Menurut Radius, kabinet yang masih panjang ini harus mendengarkan masukan-masukan anak muda, serta perlu melakukan perbaikan-perbaikan.

“Bisa jadi menggemanya tagar #KaburAjaDulu bentuk kegagalan pemerintah dalam menjelaskan terkait efisiensi,” kata Radius.

“Padahal efisiensi ini banyak dilakukan di banyak negara. Bagaimana efisiensi itu ketika dijelaskan ke publik harus ada rasionalisasi yang kuat,” ujarnya.

Pemerintah pun harus bisa menjelaskan soal logika efisiensi, serta keuntungan yang bisa dirasakan.

Selain itu, pemerintah juga harus bisa membuktikan efisiensi ini relevan dengan perkembangan peningkatan produktivitas masyarakat, serta wujud dan program dari efisiensi itu sendiri.

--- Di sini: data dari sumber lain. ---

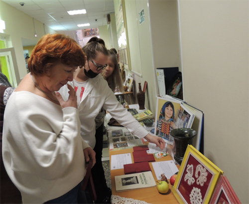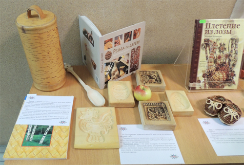 Дымковская игрушка, вологодское кружево, городецкая роспись, хохлома, тагильские и жостовские подносы, Урало-Сибирская роспись, тобольская резная кость, кубачинская чеканка, лапти и прялки, обережные куклы-вертушки, павлопосадские платки, ювелирные изделия – эти и многие другие образцы изделий декоративно-прикладного искусства можно было и потрогать, и даже примерить на выставке. И работники вуза, и студенты с удивлением узнали, что многие промыслы существуют и сегодня, и не только существуют, но и процветают. Все экспонаты для выставки были предоставлены из личных коллекций доцента кафедры физико-химической защиты биосферы Подковыркиной О. М., доцента кафедры МОДиПБ Шейкмана Д. В., работников библиотеки.

Baca Juga: Susah Dapat Kerja Makin Dikeluhkan Warganet di Medsos

“Misal terlalu banyak perjalanan dinas, berarti bagaimana pola yang baru? Saya kira masyarakat kita akan menerima ketika pemerintah meyakinkan publik,” ujar Radius.

“Yang menjadi masalah pemerintah memberikan komunikasi yang sifatnya antagonis,” ia menambahkan.

Radius malah mengapresiasi pernyataan Wakil Menteri Pelindungan Pekerja Migran Indonesia Dzulfikar Ahmad Tawalla yang melihat tagar ini sebagai bentuk ekspresi anak muda dalam melihat realitas sosial, dan tidak boleh ditanggapi negatif.

Seharusnya, ini bisa jadi momentum untuk memberikan pemahaman bahwa bekerja di luar negeri bisa dilakukan dengan jalur yang aman, terlindungi, dan terjamin.

Menurut Dzulfikar, hal ini bukan sekadar “kabur” tapi mempersiapkan diri dengan bekal yang cukup agar sukses di negeri orang.